This is my coming out party!
It's been a very long and very short five days. I know that makes no sense, something can't be long and short at the same time. It's like I've got two me's each pulling in a different direction, the "Yeah! I'm a non-smoker me" and the "Nicotine addict me". So yeah I actually have two perspectives on what the last five days have been like.
Yeah! I'm a non-smoker:
It feels great not to be a slave to the nicotine. My clothes, breath, car, and everything else I touch doesn't stink anymore. I love looking at my bank account now. In fact I check it several times a day. For one I don't see lots of "little" charges everyday for a pack of cigarettes. The other nice part is I actually have money in my account; I might not have to completely scrape by this month. I wish I could say I feel healthier, but I've been sick for the past week, and I think I have the quitting cough now too. I am also getting so much more work done around the house now that I don't have to constantly stop to smoke.

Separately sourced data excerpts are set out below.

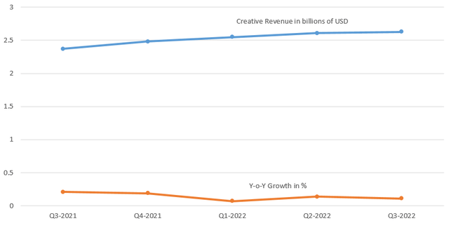 The acquisition was also done because of the increasing competition faced by Adobe XD, which is part of the Creative Cloud segment, and to this effect, the blue chart below shows how segmental revenues, despite showing progress, seem to have reached a peak. Thus, revenues grew to$2.63 billion in Q3-2022, representing an 11% year-over-year growth, but this is down from the 21% growth experienced in the third quarter of 2021 when revenues were$2.37 billion.
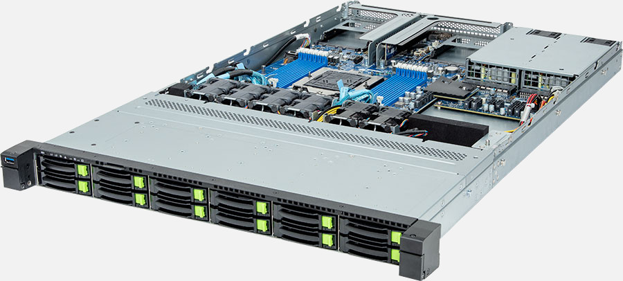 The Gigabyte R163-Z32 (6NR163Z32DR000AAC1) can be configured with hot-swap drives, allowing you to remove and replace the drives whilst the system is running with no interruption.
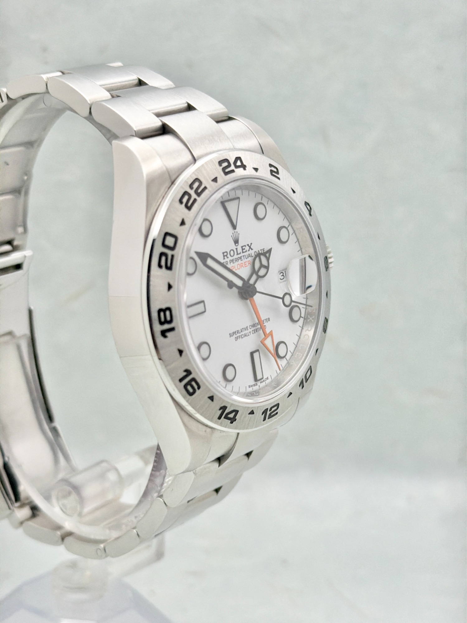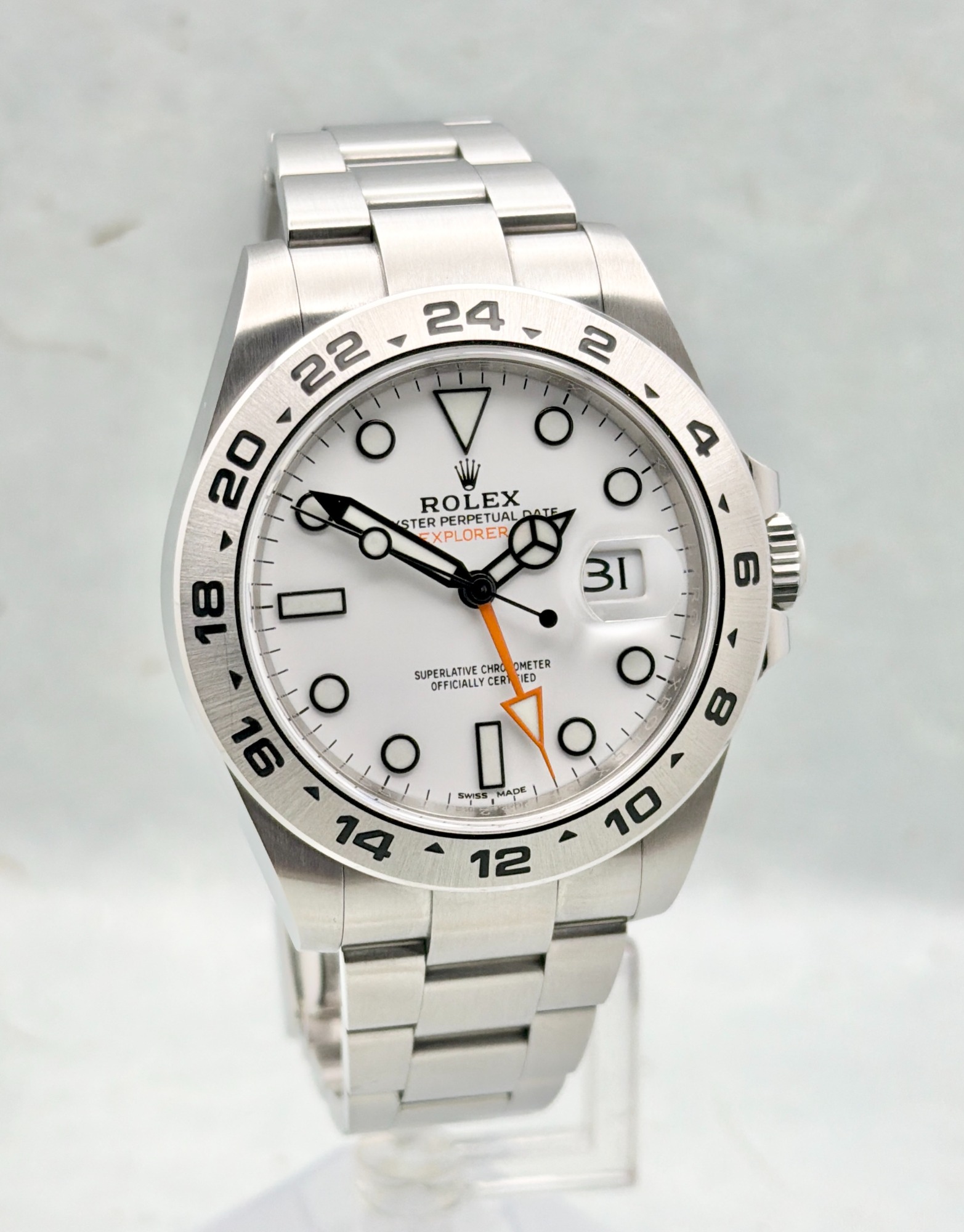 Adventure-ready and iconic, the Rolex Explorer II 216570 features a robust 42mm Oystersteel case, a crisp white "Polar" dial, and a signature orange 24-hour hand for tracking a second time zone.
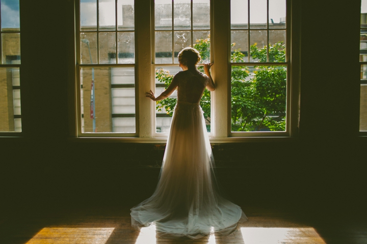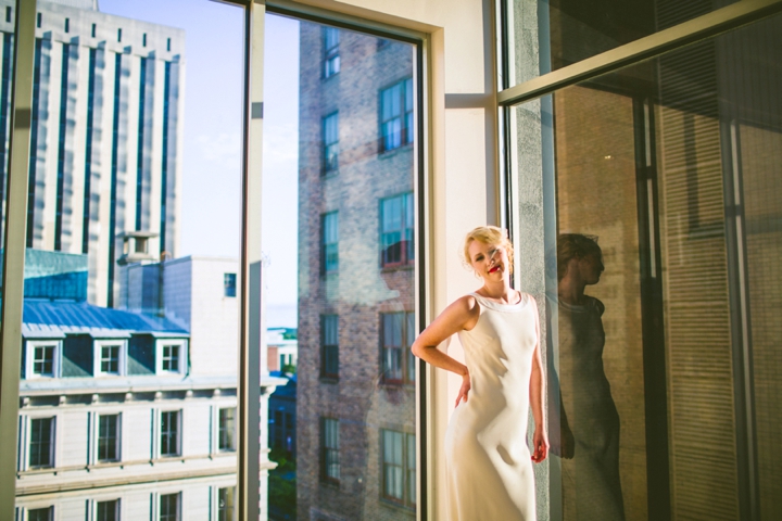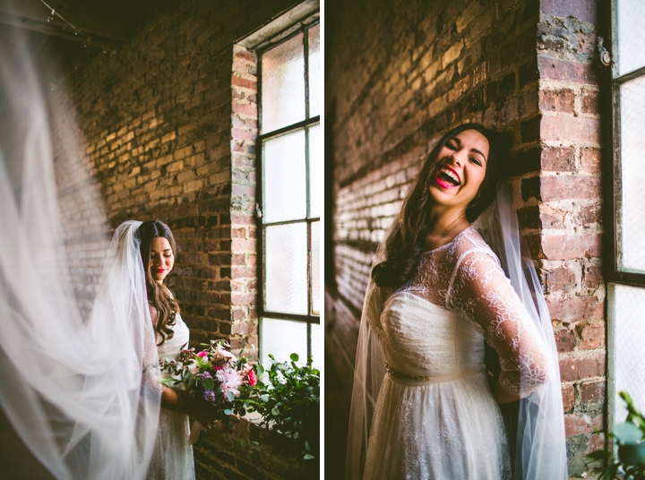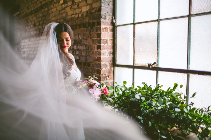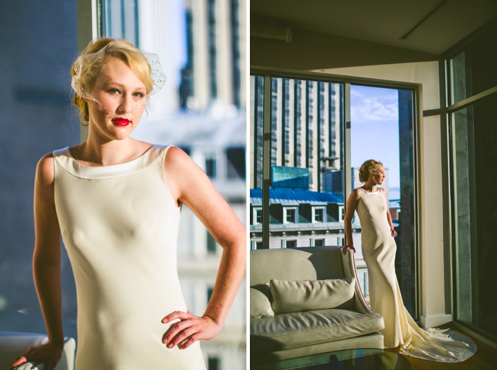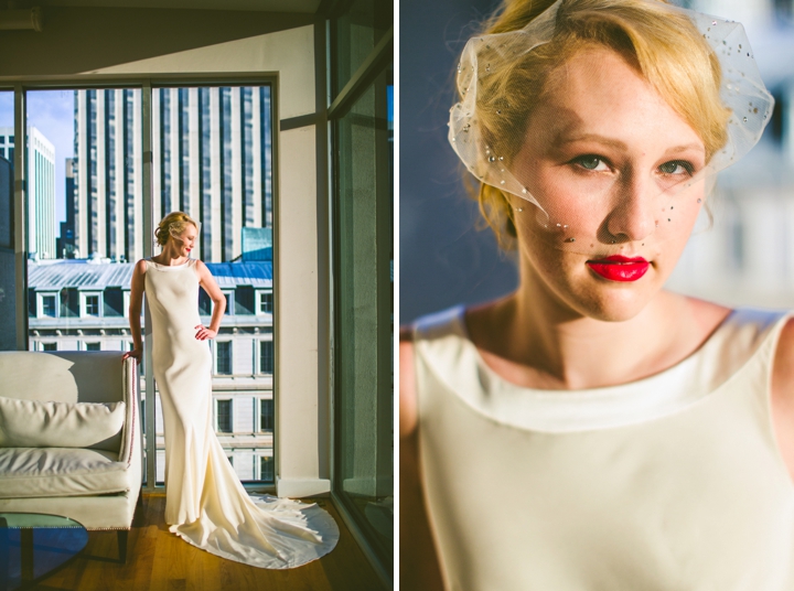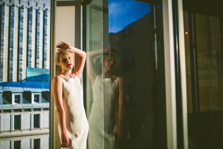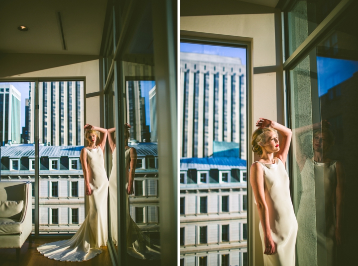 8th Series (Annaleigh in slim dress downtown) // Dress by Sarah Janks. Veil by Twigs & Honey.

Day one was no problem, it almost never is. In fact day two went pretty well also. It was day three when I started feeling like a junkie who needs their fix. Everything reminded me of a cigarette, Everything. For the past few days I've been between feelings of agitation and melancholy. I keep trying to remind myself of all the good things, but the addict needs it's fix.
Either my family hasn't noticed or they're just not talking about it. I don't want to bring it up for fear of jinxing myself. I've been trying to stay busy, to keep the "nicotine addict" at bay. I must admit that even just writing about not smoking, makes me want to smoke. Thankfully my husband is quitting with me. We don't talk about it, but it helps to know that we're in it together.
I must admit being a non-smoker has had it's ups and downs, but I think I'm going to enjoy this life style.